Cyber Concerns at the IRS

A pair of reports released late last month by the Treasury Inspector General for Tax Administration (TIGTA) revealed areas in cybersecurity the agency must focus on. The first report concentrated on the IRS’ progress with the planned expanded use of Login.gov.

Specifically, TIGTA found that additional security controls must be in place prior to the IRS expanding Login.gov to Identity Assurance Level 2 applications (IAL determines the extent to which identify proofing and credentialing must be used) for taxpayer identity verification services.  Currently, the IRS uses Login.gov (the government-owned single sign-on trusted identify platform) on IAL1 applications, including Form 990-N Electronic Filing System and the Foreign Account Tax Compliance Act-Qualified Intermediary System. Note that the IRS elected to use ID.me as the agency’s identity verification mechanism for its Direct File pilot and FOIA requests to meet IAL2 standards for those applications after issues implementing Login.gov to those applications.

The IRS watchdog uncovered that the agency does not have consolidated guidance for credential service providers (CSPs) to record the pertinent information and audit trail requirements for IAL2 security controls. Moreover, continuous monitoring security reviews for Login.gov were not conducted in a timely and consistent manner, ultimately resulting in the potential sending of personally identifiable information (PII) for IRS users to unauthorized locations outside the U.S. by a Login.gov vendor’s fraud prevention solution.

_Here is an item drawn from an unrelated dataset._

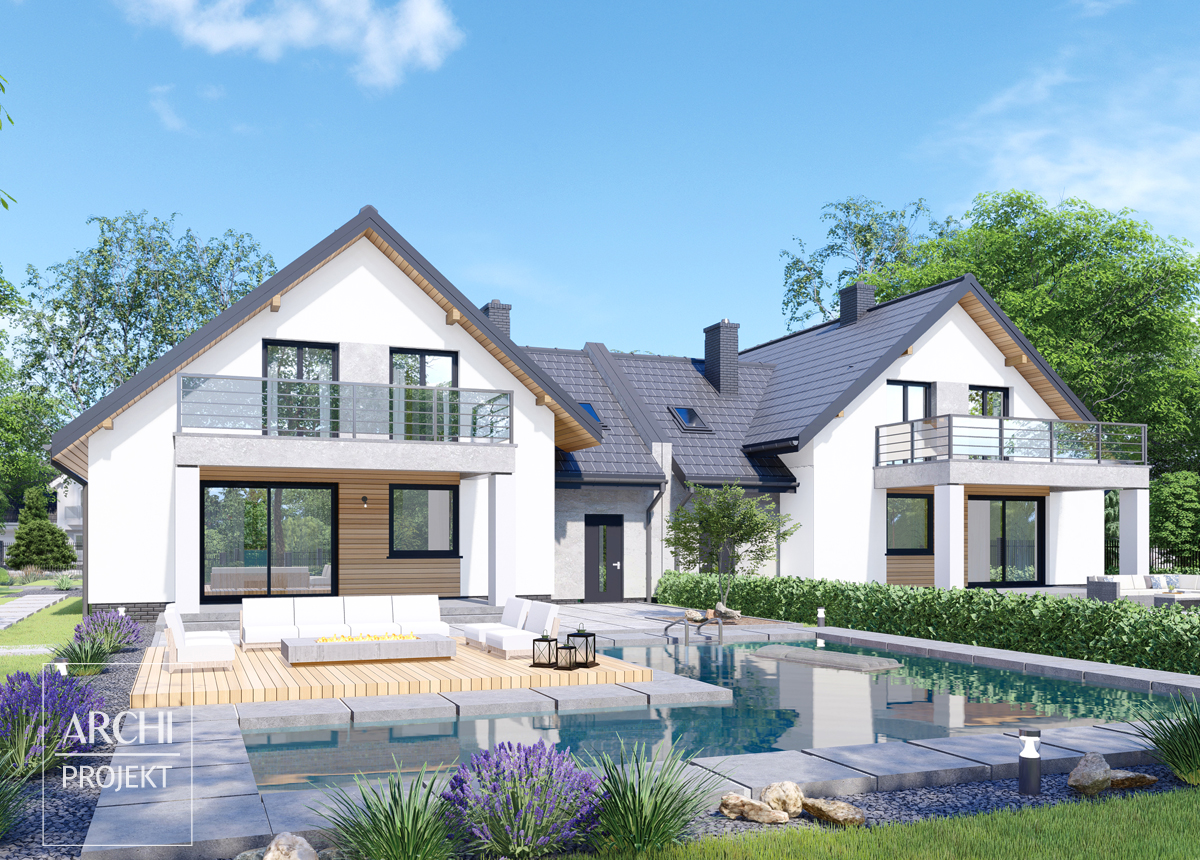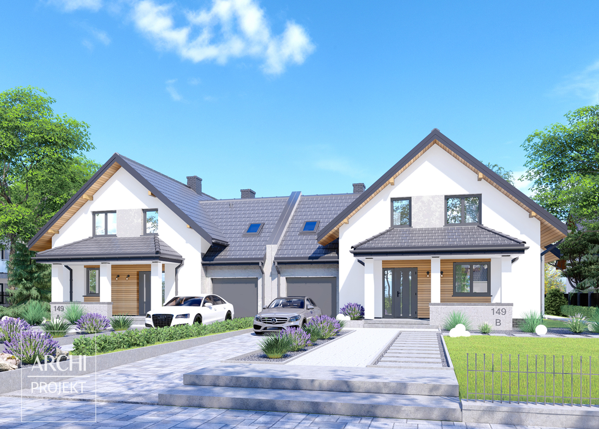 Nowoczesna wersja popularnego bliźniaka APS 149. Wygodny dom bliźniaczy o nowoczesnej sylwetce i funkcjonalnym układzie pomieszczeń dla 4-6 osobowej rodziny, z garażem wkomponowanym w bryłę domu. Wejście do domu, osłonięte praktycznym podcieniem, prowadzi do przedsionka z miejscem na szafę ubraniową i szafki na buty. Duża kuchnia (ze stolikiem śniadaniowym i spiżarnią), usytuowana jest od strony frontowej, sąsiaduje z pokojem dziennym. Znajdujący się w głębi domu obszerny pokój dzienny zawiera część jadalną i wypoczynkową. Kominek może być wykorzystywany w chłodniejszych okresach roku. Taras od strony ogrodowej osłonięty jest szerokim balkonem, co pomaga uniezależnić jego użytkowanie od pogody. Na parterze znajdują się także: drugi mniejszy pokój i łazienka. Poddasze posiada trzy wygodne sypialnie, garderobę i dużą łazienkę. Za garażem, usytuowanym w poziomie terenu znajduje się kotłownia. Nad garażem duże pomieszczenie możliwe do adaptacji na dodatkowy pokój lub pomieszczenie rekreacyjne. Możliwe jest także poszerzenie garażu na dwustanowiskowy i wykonanie podpiwniczenia. Zobacz także projekty: APS 91 NEW, APS 149, APS 192, APS 209, APS 237. POWYŻSZA CENA DOTYCZY JEDNEGO SEGMENTU

As a result, TIGTA made six recommendations to the IRS Chief Information Officer, including to update guidance on CSP information to IRS IAL2 applications, as well as improve the accuracy of the quality review process for Login.gov and assess the extent to which vulnerability had on PII transport to unauthorized locations. The IRS agreed with all recommendations in the report.

In TIGTA’s annual report on the IRS Federal Information Security Modernization Act (FISMA) compliance metrics, the inspector general determined that three cybersecurity framework function areas at the IRS were not effective while two areas (RESPOND and RECOVER) were deemed effective, with an overall maturity rating of “Not Effective”. The ineffective assessment was found among IDENTIFY (Risk Management and Supply Chain Risk Management), PROTECT (Configuration Management, Identity and Access Management, Data Protection and Privacy, and Security Training), and DETECT (Information Security Continuous Monitoring) capabilities.

According to the report, “The IRS could improve on maintaining a comprehensive and accurate inventory of its information systems; tracking and reporting on an up-to-date inventory of hardware and software assets; implementing flaw remediation on a timely basis; encrypting to protect data at rest; and implementing multifactor authentication on its systems and facilities.”

In the FY 2025 budget request, the IRS lists $317M total for cybersecurity activities, including $99M towards taxpayer services, $28M for enforcement, and $192M for technology and operations support. Within the request, the agency plans enhancements in areas of multifactor authentication, data-at-rest encryption, and advanced logging and audit trail protections, some of which are in line with correcting TIGTA audit findings.